なお、医師としても、診療をしなければその日の患者の症状を知ることはできません。知らない日の症状を診断書に書くことはできませんので、指定した期間内に医師等の診察を受けている必要があります。
では、いつの時点の記入が必要なのかというと、請求方法(請求のタイミング)によって異なります。請求方法によっては、診断書を2枚依頼しなければならない場合もあります。
したがって、まずはどの請求方法で申請するのかを検討する必要があります。請求方法の種類については、以下の記事で解説しています。
遡及請求?事後重症?|障害年金の請求の種類を分かりやすく解説
障害認定日による請求(本来請求)の場合
障害認定日の頃に障害等級に該当する程度の状態だった場合は、障害認定日による請求をします。障害認定日の詳細は以下の記事でご確認ください。原則は、初診日から起算して1年6か月を経過した日が障害認定日です。
障害認定日による請求には、障害認定日から1年以内に請求する本来請求と、障害認定日から1年以上経過してから障害認定日にさかのぼって請求する遡及請求とがあり、必要な診断書の枚数が異なります。
障害認定日から1年以内に請求する場合は、障害認定日から3か月以内の現症の診断書1枚が必要です。
ただし、障害認定日から3か月の間に通院をしていなかったりその期間のカルテが廃棄されているなどの理由で、障害認定日から3か月以内の現症の診断書が用意できない場合があります。
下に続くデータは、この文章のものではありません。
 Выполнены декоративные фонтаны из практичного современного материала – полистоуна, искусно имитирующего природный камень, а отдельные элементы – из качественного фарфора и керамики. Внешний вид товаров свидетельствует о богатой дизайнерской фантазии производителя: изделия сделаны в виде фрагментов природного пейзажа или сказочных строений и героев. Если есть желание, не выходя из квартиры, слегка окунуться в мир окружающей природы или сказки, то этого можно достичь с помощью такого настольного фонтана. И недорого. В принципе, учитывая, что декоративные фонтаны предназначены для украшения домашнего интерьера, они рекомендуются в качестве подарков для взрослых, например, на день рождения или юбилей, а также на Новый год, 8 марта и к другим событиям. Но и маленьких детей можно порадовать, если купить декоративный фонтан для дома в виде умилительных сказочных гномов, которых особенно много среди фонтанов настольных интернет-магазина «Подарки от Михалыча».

この場合は後述する事後重症による請求をすることになります。
※ こちらもご参照ください → 指定時期の診断書が入手できないとき
障害認定日による請求(遡及請求)の場合
障害認定日の頃に障害等級に該当する程度の状態だったが、障害認定日から1年以上たってから請求をする場合は、障害認定日から3か月以内の現症の診断書と請求日以前3か月以内の現症の診断書、各1枚ずつ、合計で2枚の診断書が必要です。
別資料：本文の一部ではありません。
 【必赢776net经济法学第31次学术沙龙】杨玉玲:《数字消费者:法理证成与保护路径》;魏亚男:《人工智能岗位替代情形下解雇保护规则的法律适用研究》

ただし、この遡及請求の場合も本来請求と同様に、障害認定日から3か月の間に通院をしていなかったりその期間のカルテが廃棄されているなどの理由で、障害認定日から3か月以内の現症の診断書を用意できない場合は、後述する事後重症による請求をすることになります。
※ こちらもご参照ください → 指定期間の診断書が入手できないとき
なお、遡及請求の場合に複数枚の診断書を求められるのは、障害認定日と請求日とで障害の状態が変わっている可能性があるからです。
例えば、障害認定日には1級相当だったが、その後改善して請求日には2級相当になっているかもしれません。逆に、障害認定日は2級相当だったが、その後悪化して1級相当になっているかもしれません。これらの場合、障害認定日と請求日とで異なる等級として認定されます。
なお、「障害認定日による請求」をしていることから、まずは障害認定日について審査されます。ここで障害等級に該当していないと認定されると、原則としてはここで審査が終了してしまいます。そこで、このような事態を避けるため「障害認定日による請求が認められなかった場合は事後重症による請求に変更する」という確認書を一緒に提出し、請求日についても審査を受けられるようにする方法があります。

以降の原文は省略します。